With keyword research Scraebox continues to be one of my “go to” tools. It has two main weapons; suggesting tons of Keyword suggestions and giving us Google exact match result numbers.
Keyword Research Weapon #1 – The Power of Suggestion
With this method we will be using Scrapebox to harvest 100s or 1000s of suggestions related to our keywords. Then we will use the Google keyword tool to get volume and move on to our research weapon #2.
First we will explore the suggestion possibilities and how the keyword scraper works.
Start by clicking the Scrape dropdown, and then Keyword Scraper.
Now after you get the keyword scraper open, type in the keyword you would like to scrape suggestions for.
Next you can select the sources you for which the scraper will grab for suggestions.
Protip – Tick the YouTube box if you’re doing keyword research specifically for YouTube videos. Searches can be very different on Youtube compared to typical Google queries.
After you have finished the first run through scraping keywords, remove duplicates, and then you have two options.
You can send the results straight to Scrapebox and move on or you can transfer them to the left and scrape the resulting keywords for more suggestions. You can repeat this process over and over again until you get the desired amount of keywords. Scrape, remove dupes, transfer left, scrape again, crack beer. It’s actually quite enjoyable.
So now that you have keyword scraping/suggesting down we will move on to one of the simplest and most powerful free addons for Scrapebox. If you haven’t yet, click “addons” in the top nav, then “show available addons”. Now install the Google Competition Finder addon.
Keyword Research Weapon #2 – Google Exact Match Results
After you open the competition finder the first step is to import the keywords from Scrapebox. Click Load Keywords and Load from Scrapebox.
Also be sure that the Exact match box is ticked. This way Scrapebox will wrap your keywords in quotes and get the exact match results for each. You can also change the number of connections for large keyword lists but I would recommend keeping it at the default of 10. Give your proxies a chance to breath.
When all the results are in, click the Export dropdown, and Export content of grid as csv.
Now you will have a nice csv with all your keywords and the corresponding results. The next step is to open the grid with excel and sort the data from low to high. Delete the proxy used and status column, then click the Sort dropdown and “Custom Sort“.
Now that the custom sort screen is open, select the column with the results and sort from smallest to largest.
After you click OK you will have a nice sorted list of keywords with exact match results from low to high.

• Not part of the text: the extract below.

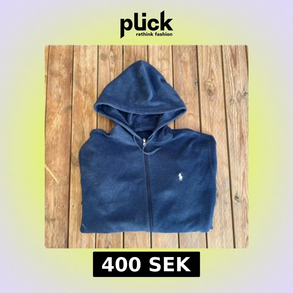 Säljer en mörkblå hoodie från Ralph Lauren med dragkedja och huva. Tröjan har två fickor framtill med dragkedja och den klassiska loggan broderad på bröstet. Perfekt för en avslappnad stil.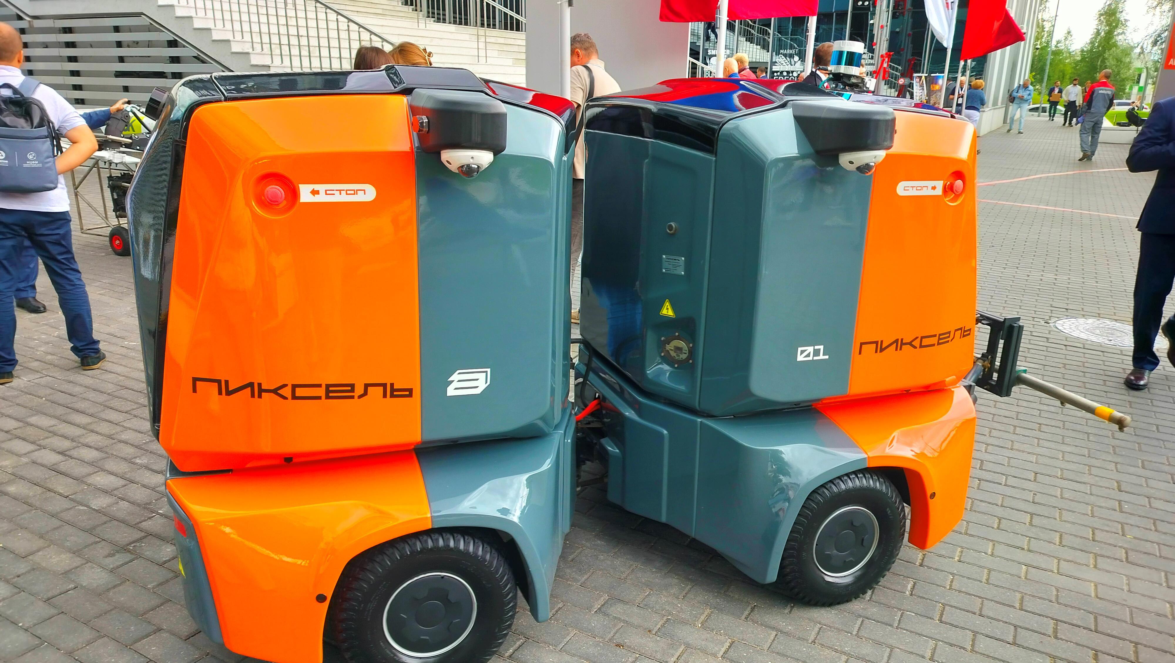И суперски выглядящий робот-убощик, Пиксель. Такие в Москве уже вовсю шуруют в парках, сметая мусор и снег.

Depending on the yield I get, I will break the keywords down into ranges of exact match results.
0-50
50-100
100-500
500-1000
1000-5000
From there I will paste each range into the keyword tool, gather volume, and sort again, this time from high to low on the search volume. Then you can comb through and find some easy slam dunkable keywords.
Now this is by no means a 100% indicator of Google competition but it’s a good rough estimate. And when the number is REALLY low, it becomes a more accurate indicator of an easy to dominate keyword. This method can be extremely helpful when you have a massive list of keywords and you are trying to figure out which ones to target with some supporting content, boom, go for the ones with volume that you can easily rank for. This method will unlock those.
If you’re looking for a great service for putting your keyword research on steroids, nothing beats SEMrush. It’s one of my favorite tools in the bag. Use this SEMrush promo code to get yourself a free 30 day trial.
Chapter 5: Expired Domaining
This is by far one of the most powerful grey hat SEO areas in the game. Expired domains can hold a ton of juice, you just need to know how to find them and how to properly relaunch them. Before diving into the Scrapebox methods we will go over the basics of expired domaining.
There are three areas you can focus your domaining efforts or some combination of the three; Building a blog network, creating money sites, and link laundering.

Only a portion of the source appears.